-------- Given data

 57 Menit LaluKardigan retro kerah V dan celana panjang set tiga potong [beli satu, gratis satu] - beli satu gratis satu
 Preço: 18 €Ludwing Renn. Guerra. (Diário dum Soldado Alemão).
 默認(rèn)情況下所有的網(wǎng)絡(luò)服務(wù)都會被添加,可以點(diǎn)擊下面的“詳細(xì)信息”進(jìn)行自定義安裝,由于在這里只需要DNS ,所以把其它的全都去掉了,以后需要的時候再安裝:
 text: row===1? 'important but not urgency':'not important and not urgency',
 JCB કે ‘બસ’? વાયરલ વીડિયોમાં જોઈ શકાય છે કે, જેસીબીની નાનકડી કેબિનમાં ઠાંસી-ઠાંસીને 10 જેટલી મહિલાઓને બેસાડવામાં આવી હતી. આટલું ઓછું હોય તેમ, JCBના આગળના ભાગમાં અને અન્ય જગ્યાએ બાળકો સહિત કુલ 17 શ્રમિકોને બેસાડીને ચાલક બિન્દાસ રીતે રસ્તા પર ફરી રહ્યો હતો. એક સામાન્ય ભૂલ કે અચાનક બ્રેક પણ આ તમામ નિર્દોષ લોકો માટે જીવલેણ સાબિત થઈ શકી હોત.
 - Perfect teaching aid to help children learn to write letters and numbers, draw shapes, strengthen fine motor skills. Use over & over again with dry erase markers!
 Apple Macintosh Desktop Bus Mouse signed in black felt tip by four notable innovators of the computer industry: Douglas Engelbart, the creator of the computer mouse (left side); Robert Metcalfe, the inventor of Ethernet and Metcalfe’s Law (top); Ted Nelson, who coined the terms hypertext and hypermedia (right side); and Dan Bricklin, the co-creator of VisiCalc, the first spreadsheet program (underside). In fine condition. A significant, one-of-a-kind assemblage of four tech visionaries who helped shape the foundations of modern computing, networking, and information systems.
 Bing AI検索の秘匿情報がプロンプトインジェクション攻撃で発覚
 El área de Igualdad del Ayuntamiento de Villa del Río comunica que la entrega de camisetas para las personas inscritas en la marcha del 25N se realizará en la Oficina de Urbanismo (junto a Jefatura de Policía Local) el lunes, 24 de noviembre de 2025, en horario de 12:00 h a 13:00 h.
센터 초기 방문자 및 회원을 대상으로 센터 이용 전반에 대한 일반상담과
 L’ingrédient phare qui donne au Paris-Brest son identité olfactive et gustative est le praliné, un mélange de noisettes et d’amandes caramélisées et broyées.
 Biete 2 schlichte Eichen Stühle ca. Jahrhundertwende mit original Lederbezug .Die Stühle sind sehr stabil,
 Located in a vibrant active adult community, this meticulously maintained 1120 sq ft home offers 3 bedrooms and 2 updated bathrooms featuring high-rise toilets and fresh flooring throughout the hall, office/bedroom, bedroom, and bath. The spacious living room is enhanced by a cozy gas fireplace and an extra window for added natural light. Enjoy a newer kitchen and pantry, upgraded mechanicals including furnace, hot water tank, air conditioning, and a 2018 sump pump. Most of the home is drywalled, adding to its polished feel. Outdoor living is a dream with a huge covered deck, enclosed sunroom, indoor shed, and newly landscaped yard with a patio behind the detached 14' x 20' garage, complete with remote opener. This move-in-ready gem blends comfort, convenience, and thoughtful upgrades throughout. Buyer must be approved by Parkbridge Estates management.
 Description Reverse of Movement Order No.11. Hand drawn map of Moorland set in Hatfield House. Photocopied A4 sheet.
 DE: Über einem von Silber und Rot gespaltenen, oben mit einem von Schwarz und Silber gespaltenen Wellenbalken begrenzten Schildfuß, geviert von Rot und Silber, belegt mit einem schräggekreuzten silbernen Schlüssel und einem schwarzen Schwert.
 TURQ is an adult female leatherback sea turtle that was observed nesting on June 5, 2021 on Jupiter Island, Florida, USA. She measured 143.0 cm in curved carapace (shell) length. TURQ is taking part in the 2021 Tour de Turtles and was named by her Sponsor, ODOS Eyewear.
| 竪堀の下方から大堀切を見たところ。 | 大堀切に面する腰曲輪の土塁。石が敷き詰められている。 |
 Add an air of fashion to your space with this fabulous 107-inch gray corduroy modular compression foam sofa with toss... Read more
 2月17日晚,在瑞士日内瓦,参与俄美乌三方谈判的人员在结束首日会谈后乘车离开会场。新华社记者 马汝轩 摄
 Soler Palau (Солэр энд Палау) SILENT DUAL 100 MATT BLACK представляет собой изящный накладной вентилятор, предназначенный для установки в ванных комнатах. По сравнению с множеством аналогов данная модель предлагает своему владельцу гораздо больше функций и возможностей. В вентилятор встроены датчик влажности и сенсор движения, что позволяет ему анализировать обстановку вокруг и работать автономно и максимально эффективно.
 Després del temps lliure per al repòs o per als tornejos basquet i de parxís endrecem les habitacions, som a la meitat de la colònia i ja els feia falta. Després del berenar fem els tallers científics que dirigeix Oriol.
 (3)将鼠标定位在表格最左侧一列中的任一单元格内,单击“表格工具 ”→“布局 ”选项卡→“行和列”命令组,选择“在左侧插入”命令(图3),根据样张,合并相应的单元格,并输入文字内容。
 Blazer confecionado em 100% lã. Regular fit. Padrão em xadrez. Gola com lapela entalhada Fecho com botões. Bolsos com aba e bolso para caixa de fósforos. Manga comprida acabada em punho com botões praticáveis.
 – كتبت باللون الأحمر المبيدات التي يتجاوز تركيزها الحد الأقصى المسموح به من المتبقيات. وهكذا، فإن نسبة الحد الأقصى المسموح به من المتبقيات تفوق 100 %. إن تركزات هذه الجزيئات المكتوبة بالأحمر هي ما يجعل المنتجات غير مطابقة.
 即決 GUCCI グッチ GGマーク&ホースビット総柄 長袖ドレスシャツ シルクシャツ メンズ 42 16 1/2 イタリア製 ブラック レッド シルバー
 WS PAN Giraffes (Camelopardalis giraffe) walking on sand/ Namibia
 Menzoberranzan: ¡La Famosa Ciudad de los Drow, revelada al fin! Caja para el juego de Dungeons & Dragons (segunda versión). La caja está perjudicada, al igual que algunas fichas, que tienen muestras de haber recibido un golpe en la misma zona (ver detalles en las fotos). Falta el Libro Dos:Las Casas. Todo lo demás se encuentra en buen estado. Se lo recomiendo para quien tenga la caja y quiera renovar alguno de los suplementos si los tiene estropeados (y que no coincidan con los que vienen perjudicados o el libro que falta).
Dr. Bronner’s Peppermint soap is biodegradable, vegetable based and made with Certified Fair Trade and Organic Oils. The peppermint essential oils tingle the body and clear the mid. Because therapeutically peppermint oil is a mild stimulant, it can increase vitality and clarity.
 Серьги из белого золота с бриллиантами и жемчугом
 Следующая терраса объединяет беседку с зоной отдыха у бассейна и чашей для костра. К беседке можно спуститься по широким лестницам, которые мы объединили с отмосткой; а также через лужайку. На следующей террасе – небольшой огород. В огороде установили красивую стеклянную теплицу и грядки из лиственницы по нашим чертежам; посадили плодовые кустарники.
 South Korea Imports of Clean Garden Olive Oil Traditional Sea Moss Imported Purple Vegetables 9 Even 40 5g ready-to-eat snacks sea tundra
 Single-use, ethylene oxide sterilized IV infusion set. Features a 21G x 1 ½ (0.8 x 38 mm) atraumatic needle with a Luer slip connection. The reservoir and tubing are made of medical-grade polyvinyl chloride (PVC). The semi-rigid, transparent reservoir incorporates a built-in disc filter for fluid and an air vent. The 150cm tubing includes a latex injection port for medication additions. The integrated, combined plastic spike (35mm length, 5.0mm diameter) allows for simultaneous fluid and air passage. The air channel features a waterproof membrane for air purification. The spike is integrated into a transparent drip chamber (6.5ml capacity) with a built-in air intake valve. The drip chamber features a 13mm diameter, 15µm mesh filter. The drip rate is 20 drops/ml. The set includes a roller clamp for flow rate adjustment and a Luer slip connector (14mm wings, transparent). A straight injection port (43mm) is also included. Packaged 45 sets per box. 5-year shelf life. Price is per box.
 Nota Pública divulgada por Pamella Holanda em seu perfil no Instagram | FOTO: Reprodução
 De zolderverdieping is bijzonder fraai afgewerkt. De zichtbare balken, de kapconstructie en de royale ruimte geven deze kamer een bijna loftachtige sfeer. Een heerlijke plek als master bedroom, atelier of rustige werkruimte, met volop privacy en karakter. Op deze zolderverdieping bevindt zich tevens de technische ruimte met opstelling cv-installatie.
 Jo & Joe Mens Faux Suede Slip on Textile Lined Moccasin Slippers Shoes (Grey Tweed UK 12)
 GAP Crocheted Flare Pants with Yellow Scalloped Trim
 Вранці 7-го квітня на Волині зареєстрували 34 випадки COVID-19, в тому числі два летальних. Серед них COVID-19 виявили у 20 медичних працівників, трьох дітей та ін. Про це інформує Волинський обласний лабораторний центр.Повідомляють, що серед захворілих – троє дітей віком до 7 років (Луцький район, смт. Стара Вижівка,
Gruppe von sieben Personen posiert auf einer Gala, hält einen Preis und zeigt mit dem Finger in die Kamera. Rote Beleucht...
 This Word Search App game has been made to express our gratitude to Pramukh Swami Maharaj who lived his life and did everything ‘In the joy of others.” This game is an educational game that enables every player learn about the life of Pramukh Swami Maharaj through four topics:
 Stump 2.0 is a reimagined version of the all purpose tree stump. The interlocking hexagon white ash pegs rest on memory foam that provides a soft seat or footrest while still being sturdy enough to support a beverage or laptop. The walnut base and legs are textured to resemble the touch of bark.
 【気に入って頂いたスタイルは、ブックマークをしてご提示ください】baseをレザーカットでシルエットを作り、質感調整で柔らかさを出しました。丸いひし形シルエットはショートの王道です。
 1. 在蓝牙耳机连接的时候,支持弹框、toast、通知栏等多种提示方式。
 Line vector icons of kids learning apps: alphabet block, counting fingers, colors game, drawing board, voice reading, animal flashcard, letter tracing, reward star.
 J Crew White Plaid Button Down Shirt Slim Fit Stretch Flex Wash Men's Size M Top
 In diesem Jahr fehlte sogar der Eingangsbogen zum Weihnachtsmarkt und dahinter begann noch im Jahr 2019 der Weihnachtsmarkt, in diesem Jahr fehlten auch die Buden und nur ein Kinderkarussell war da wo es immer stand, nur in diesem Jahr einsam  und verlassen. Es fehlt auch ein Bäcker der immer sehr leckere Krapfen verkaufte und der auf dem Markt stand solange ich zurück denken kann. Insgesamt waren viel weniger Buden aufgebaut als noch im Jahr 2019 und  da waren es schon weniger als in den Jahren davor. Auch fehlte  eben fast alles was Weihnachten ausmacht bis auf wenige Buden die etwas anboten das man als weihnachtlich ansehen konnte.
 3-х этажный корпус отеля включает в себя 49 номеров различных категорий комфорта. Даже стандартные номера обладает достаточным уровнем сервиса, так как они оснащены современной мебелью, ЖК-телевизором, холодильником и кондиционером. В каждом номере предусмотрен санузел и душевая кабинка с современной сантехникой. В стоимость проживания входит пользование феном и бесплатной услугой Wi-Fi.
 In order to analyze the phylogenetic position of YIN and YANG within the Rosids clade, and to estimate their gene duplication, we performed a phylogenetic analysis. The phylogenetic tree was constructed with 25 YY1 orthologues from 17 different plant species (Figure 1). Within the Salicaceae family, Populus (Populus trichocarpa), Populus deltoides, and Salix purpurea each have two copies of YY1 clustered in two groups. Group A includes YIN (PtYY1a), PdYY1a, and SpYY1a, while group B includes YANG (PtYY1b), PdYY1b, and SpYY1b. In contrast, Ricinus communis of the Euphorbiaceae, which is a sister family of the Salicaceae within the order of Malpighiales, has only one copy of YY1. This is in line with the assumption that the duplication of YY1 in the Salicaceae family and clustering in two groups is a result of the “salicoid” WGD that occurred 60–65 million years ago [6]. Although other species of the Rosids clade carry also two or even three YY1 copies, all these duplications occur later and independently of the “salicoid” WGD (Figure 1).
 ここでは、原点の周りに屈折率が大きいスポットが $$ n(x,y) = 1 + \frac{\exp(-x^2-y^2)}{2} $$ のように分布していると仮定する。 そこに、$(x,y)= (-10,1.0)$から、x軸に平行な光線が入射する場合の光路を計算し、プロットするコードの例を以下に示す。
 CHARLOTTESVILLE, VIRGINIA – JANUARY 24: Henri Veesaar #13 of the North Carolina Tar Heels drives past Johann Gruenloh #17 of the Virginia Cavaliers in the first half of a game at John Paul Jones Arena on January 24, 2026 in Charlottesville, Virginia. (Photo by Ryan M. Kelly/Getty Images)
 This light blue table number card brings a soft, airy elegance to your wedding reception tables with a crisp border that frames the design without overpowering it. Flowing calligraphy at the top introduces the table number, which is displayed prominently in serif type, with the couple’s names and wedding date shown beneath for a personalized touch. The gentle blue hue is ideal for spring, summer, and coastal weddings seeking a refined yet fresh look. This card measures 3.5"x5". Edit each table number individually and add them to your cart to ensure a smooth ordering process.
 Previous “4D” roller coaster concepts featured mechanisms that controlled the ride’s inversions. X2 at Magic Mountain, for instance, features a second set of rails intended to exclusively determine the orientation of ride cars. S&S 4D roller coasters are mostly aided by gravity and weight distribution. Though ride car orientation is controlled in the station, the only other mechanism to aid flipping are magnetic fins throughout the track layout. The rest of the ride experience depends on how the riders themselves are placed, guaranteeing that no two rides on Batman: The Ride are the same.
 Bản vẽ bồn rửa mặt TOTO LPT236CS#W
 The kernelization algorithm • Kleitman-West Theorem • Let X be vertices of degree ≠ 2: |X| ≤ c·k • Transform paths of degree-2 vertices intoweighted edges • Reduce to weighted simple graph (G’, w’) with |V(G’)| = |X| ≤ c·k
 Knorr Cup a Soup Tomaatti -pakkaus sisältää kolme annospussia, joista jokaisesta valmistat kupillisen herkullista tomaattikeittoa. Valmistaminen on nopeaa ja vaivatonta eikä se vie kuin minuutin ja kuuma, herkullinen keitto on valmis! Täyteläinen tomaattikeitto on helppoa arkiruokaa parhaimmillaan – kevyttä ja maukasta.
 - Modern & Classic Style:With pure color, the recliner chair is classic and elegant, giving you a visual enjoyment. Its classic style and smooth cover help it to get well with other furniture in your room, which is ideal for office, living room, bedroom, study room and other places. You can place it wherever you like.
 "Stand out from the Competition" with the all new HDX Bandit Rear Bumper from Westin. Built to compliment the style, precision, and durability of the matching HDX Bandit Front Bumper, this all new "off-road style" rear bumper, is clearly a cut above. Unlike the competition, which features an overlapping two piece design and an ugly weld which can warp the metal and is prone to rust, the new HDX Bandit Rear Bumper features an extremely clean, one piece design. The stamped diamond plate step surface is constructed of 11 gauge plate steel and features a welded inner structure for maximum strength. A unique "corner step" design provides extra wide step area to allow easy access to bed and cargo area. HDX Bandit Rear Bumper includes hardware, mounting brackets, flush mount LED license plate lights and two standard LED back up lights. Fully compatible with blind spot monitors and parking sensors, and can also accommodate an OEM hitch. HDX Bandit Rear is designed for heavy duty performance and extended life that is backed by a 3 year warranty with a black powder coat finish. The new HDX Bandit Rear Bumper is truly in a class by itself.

----------------

- Directions for this task:
The listing above holds a line with "JCB કે ‘બસ’?" and a line with "- Perfect teaching". Print the stretch from the first through the second, exactly and alone.

- Expected output:
 JCB કે ‘બસ’? વાયરલ વીડિયોમાં જોઈ શકાય છે કે, જેસીબીની નાનકડી કેબિનમાં ઠાંસી-ઠાંસીને 10 જેટલી મહિલાઓને બેસાડવામાં આવી હતી. આટલું ઓછું હોય તેમ, JCBના આગળના ભાગમાં અને અન્ય જગ્યાએ બાળકો સહિત કુલ 17 શ્રમિકોને બેસાડીને ચાલક બિન્દાસ રીતે રસ્તા પર ફરી રહ્યો હતો. એક સામાન્ય ભૂલ કે અચાનક બ્રેક પણ આ તમામ નિર્દોષ લોકો માટે જીવલેણ સાબિત થઈ શકી હોત.
 - Perfect teaching aid to help children learn to write letters and numbers, draw shapes, strengthen fine motor skills. Use over & over again with dry erase markers!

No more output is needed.